Other core requirements sometimes provide fertile grounds for challenging a trust. A valid trust is created only if there is a clear intention to create the trust. If the trust is written, and such intention is not clear, then the trust may be invalid. Similarly, a trust must have a definite beneficiary. Vagueness will not suffice. There is also the requirement that the same person cannot be the sole trustee and sole beneficiary.
Although oral trusts are permissible in Missouri, a trust needs to be written in several circumstances — particularly if real estate is in the trust.

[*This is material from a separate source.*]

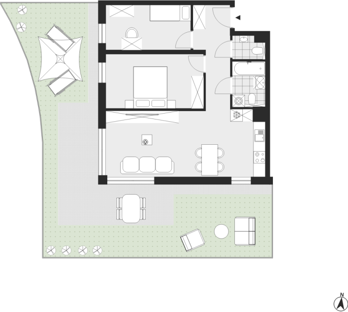 - Powierzchnia dodatkowa: taras (19,4 m²), ogródek (47,8 m²)

Perhaps the most common types of challenges to a trust’s validity, though, deal with capacity (see my previous post Missouri Will Contests). To create a trust a person must (1) understand the ordinary affairs of his or her life; (2) understand the nature and extent of his or her property; (3) know the persons who were the natural objects of the bounty; and (4) intelligently weight and appreciate his natural obligations to those persons and know that he or she is giving his property to the persons mentioned. Theories such as duress, undue influence, or coercion often are used in contests to state that it wasn’t the trust-maker’s free and voluntary act — and that he or she was not in his or her “right mind.”
Trusts have become more and more commonplace and complex. They have become vehicles for transferring extraordinary amounts of assets and property. Because of their importance and growing use, it’s important to speak with an attorney should you be involved with a trust in any way — be it as trustee, heir, or beneficiary.